- GIVEN INFORMATION
• • • • • • •
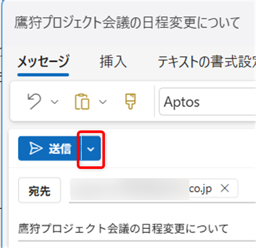 【Outlook for Windows】予約送信のやり方|オフライン送信の可否やバレる可能性も解説送信の右側にある「v」をクリックします。
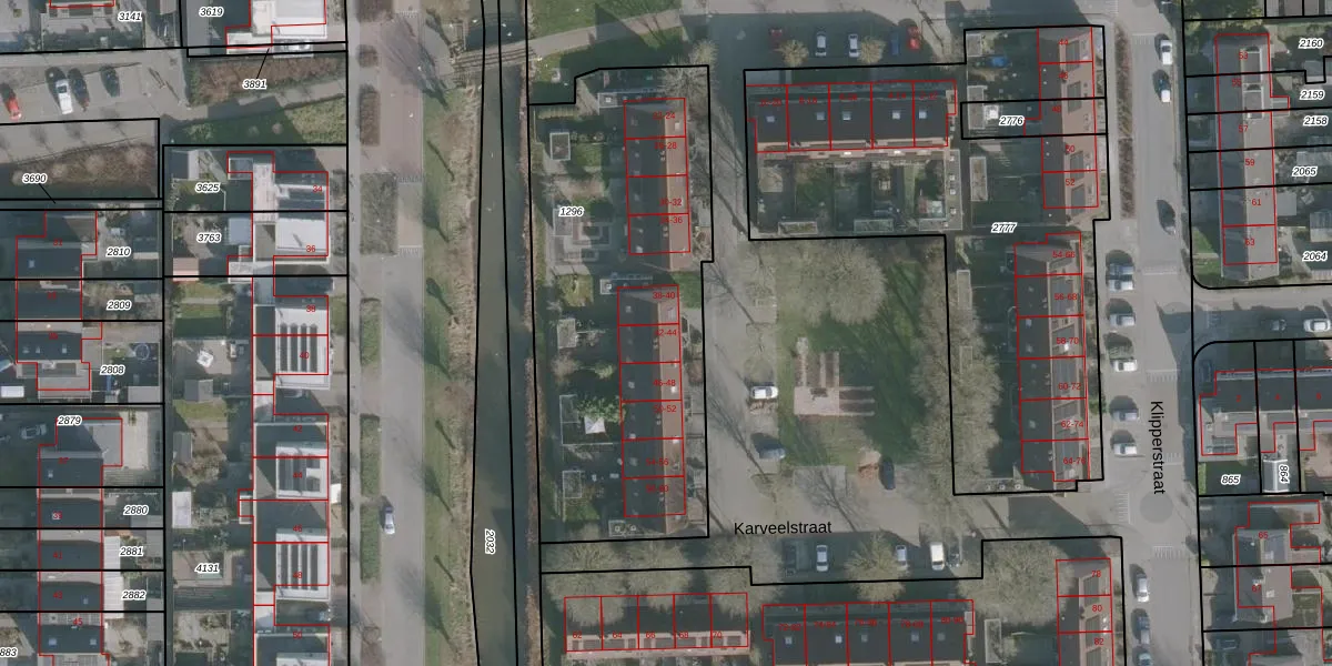 Het perceel waarop Karveelstraat 42 staat heeft een oppervlakte van 1815 m². Dit is een zeer groot perceel. De perceeloppervlakte wordt geregistreerd door het Kadaster. Gedetailleerde informatie over de maten van dit perceel kunt u vinden in het rapport Kadastrale kaart met maatvoering van Karveelstraat 42.
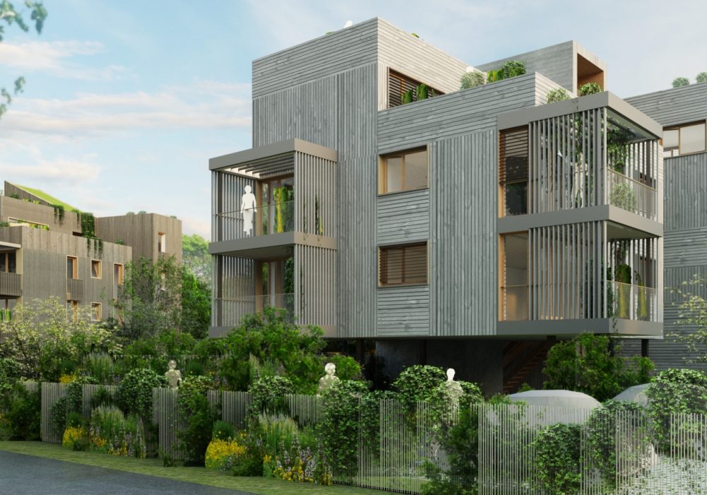 En effet, les qualités environnementales de la construction à ossature bois ne sont plus à démontrer (matériau biosourcé, stockage du carbone, construction sèche, haute qualification des artisans…). Longtemps restreint à la maison individuelle, les immeubles en ossature bois prennent actuellement un essor sans précédent, dans la perspectives des grands enjeux climatiques et écologiques.
• • • • • • •
Output every line above exactly as it stands, and drop any picture.

 【Outlook for Windows】予約送信のやり方|オフライン送信の可否やバレる可能性も解説送信の右側にある「v」をクリックします。
 Het perceel waarop Karveelstraat 42 staat heeft een oppervlakte van 1815 m². Dit is een zeer groot perceel. De perceeloppervlakte wordt geregistreerd door het Kadaster. Gedetailleerde informatie over de maten van dit perceel kunt u vinden in het rapport Kadastrale kaart met maatvoering van Karveelstraat 42.
 En effet, les qualités environnementales de la construction à ossature bois ne sont plus à démontrer (matériau biosourcé, stockage du carbone, construction sèche, haute qualification des artisans…). Longtemps restreint à la maison individuelle, les immeubles en ossature bois prennent actuellement un essor sans précédent, dans la perspectives des grands enjeux climatiques et écologiques.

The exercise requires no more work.